Begitulah, Open Source adalah sebuah fenomena terkini yang sedang merevolusi mindset global dalam banyak hal. Ide dan falsafah ‘Open’ telah merangsek masuk ke berbagai sisi kehidupan hari ini dan memberi makna baru terhadap banyak hal, kemudian memberikan pendekatan alternatif terhadap banyak permasalahan yang telah lama tanpa pemecahan.

• Pembangunan Kebudayaan ala ‘elit’ bukan satu-satunya jalan
Saya tidak akan memaparkan bagaimana hubungan sebuah sistem yang berkembang dari dunia teknologi dengan membangun peradaban Minahasa. Hanya ada beberapa kalimat yang saya ingin tuliskan dibagian akhir tulisan ini. Kebanyakan justru bukan kata-kata saya sendiri:

“Membangun Kebudayaan Minahasa tidak mungkin dan tidak dapat diterima jika hanya dilakukan oleh satu pribadi, satu kelompok, dan dari sumbu saja”. - Frisky Tandaju, Paramedis, dalam sebuah dialog.

“Saya tidak banyak membaca buku. Itu kekurangan yang sedang saya coba hilangkan. Namun, saya bisa menggarap pentas teater. Saya akan selalu berusaha menyisipkan ke-Minahasa-an dalam karya-karya saya”. – Sylvester ‘Ompi’ Setligt, Peteater, sebuah celutukan.

“Membangun Minahasa? Sayapun ingin! Biarpun saya tidak terlalu paham apa itu kebudayaan, saya putra Minahasa!”. – Marcell Manembu, Teknisi Komputer, percakapan disela-sela bermain game.

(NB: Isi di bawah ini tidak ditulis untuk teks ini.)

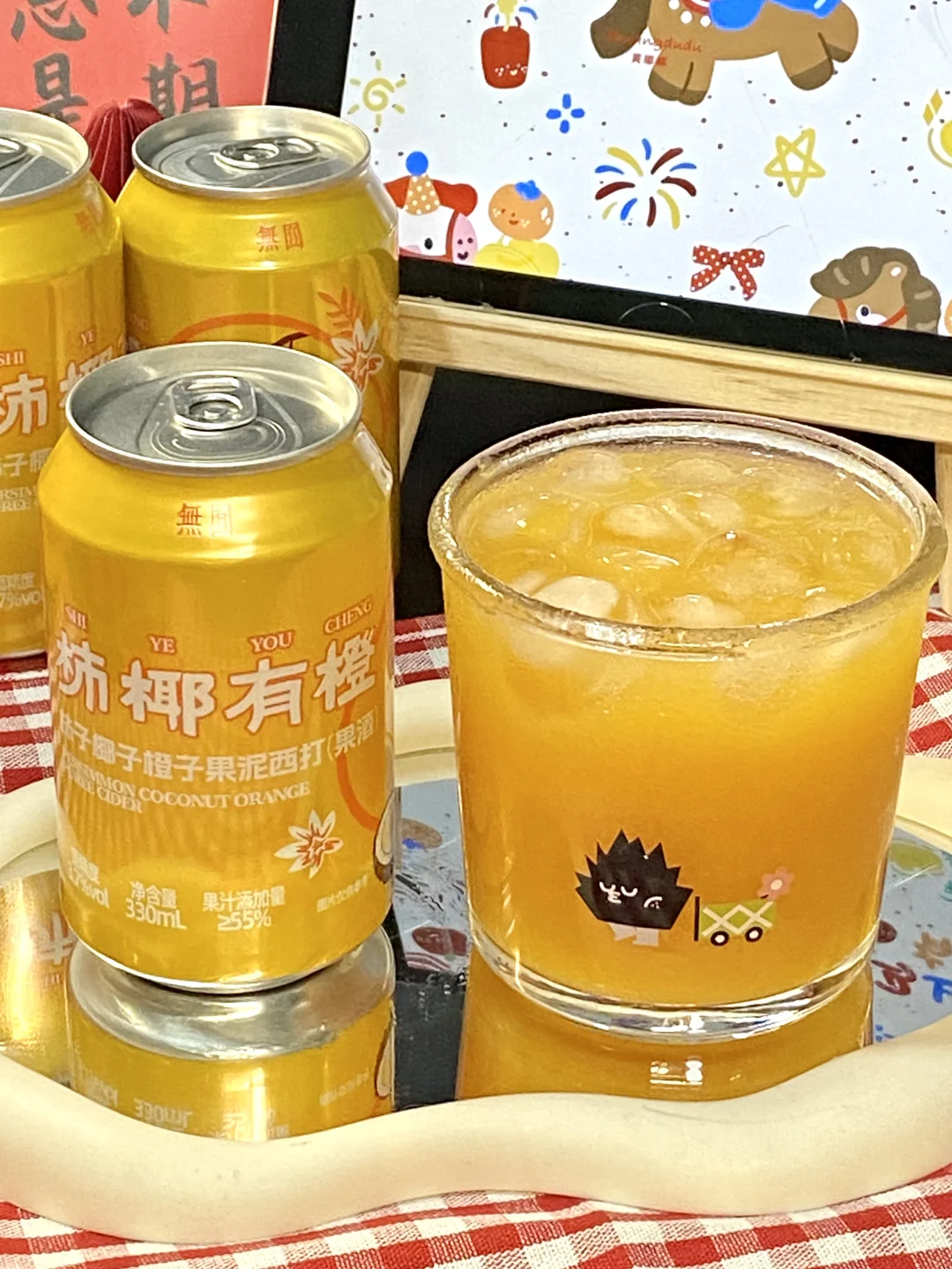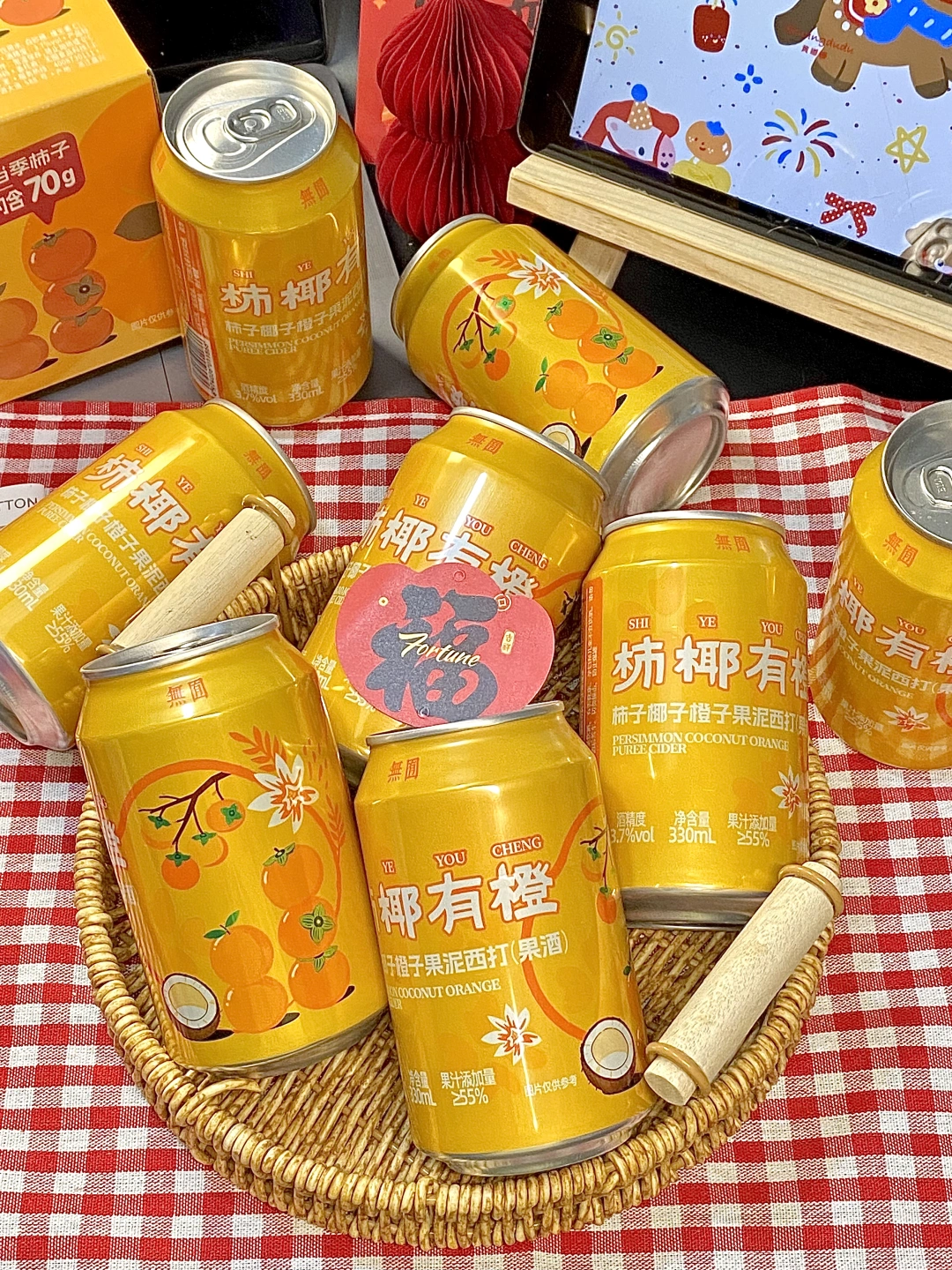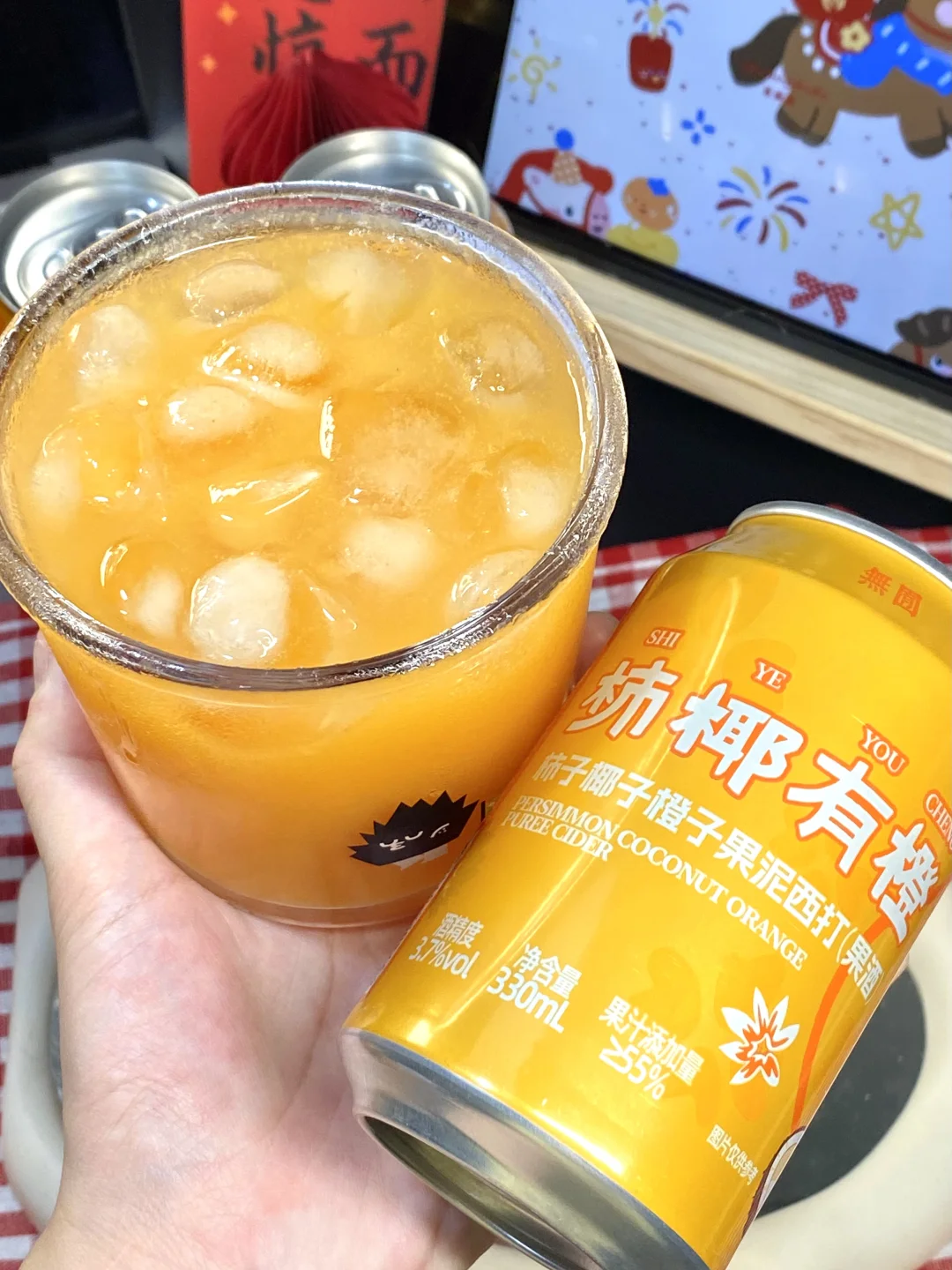 过年不知道喝什么小甜酒的一定试试这个 是山姆新出的柿椰有橙(谐音事业有成)果泥西打!气泡感十足 入口是酸酸甜甜的果泥感 柿子➕椰子➕橙子的搭配真的好爱 一罐满满都是vc 包装也很有新年氛围 而且才3.7度 微醺的快乐直接拉满!! 我妈说喝完赶紧让我再囤几箱

“Saya tidak setuju jika ada yang berkata bahwa kesenian, contohnya Maengket, di seragamkan dan distandarisasi. Apalagi ada yang mengklaim sebagai yang ‘asli’. Sudah dari dulu kesenian Minahasa beragam”. – Paul Kondoy, Petani, rekaman sebuah wawancara.

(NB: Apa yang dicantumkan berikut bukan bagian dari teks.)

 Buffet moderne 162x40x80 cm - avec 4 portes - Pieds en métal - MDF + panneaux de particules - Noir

“Di kampung saya tidak ada Maengket. Tidak ada yang berbicara dalam bahasa daerah. Tidak ada yang berbau budaya Minahasa. Tetapi kami Minahasa”. – Sweetly Lahope, Hacker cum Musisi, dalam sebuah esay.

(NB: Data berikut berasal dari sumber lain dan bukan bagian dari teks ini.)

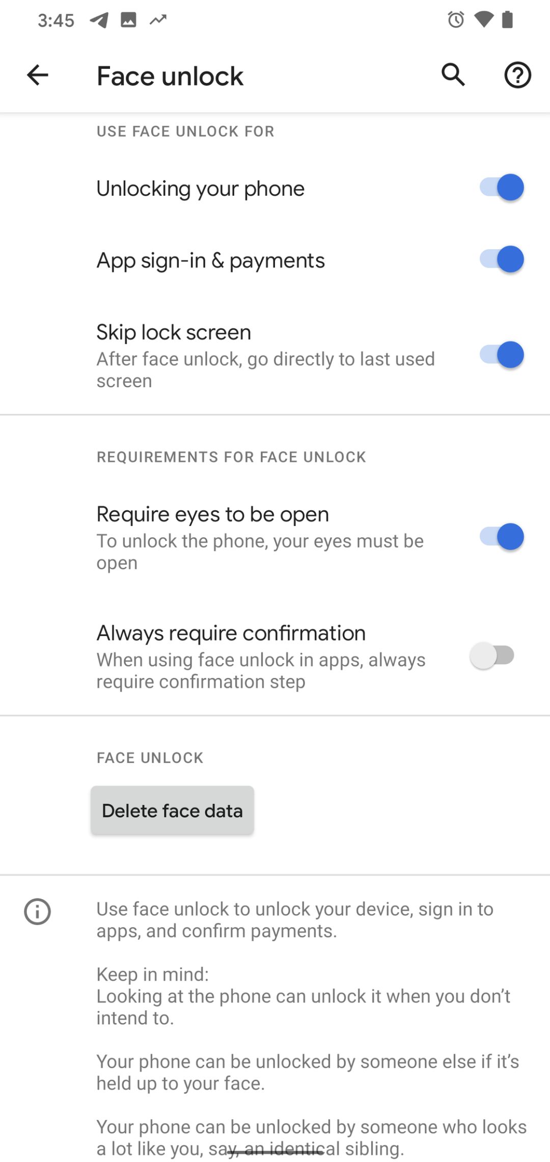 好在 Android 11 DP2 更新之后,相关选项终于出现在了面部解锁的设置界面当中。在「系统设置 > 安全 > 面部解锁」中,Google 为 Pixel 4 新增了一项名为「要求睁眼(Require eyes to be open)」的额外验证开关 ,开启后 Pixel 4 会在面部解锁过程中同时检测用户是否为睁眼状态,经过我们的实际测试,现在闭着眼睛确实不能解锁手机了。

“Semua usaha membangun Kebudayaan Minahasa dengan metode elitis-politis telah terbukti minus impact atau gagal sama sekali. Tidak ada yang betul-betul masuk sampai pada inti permasalahan kebudayaan itu sendiri, apalagi kemudian memberi solusi yang benar-benar applicable!”. - Denni Pinontoan, Teolog, dalam sebuah diskusi.

“Satu atau seribu kata, semua dialog yang membicarakan Minahasa, negatif atau positif, adalah sumbangan terhadap peradaban kita”.
- Greenhill Weol, Sastrawan, petikan komen di sebuah blog internet.

“_________________________________________________________________________________”. – (Taruh kata-kata anda diatas dan nama anda di sini).

Tulisan ini adalah sebuah tulisan belum selesai.

*Tulisan ini kebetulan ditulis oleh seorang sastrawan. Selanjutnya, perlu diketahui juga bahwa penulis tulisan ini kebetulan memiliki ketertarikan kepada hal-hal yang berbau sains dan teknologi. Penulis juga kebetulan tergabung di Mawale Movement, sebuah gerakan kolektif nirstruktur yang bertujuan membagikan kesadaran identitas, mengembangkan kreativitas, serta menekankan pentingnya kontekstualitas dalam membangun peradaban Utara Celebes. Penulis kebetulan memiliki motto: everything happens for a reason.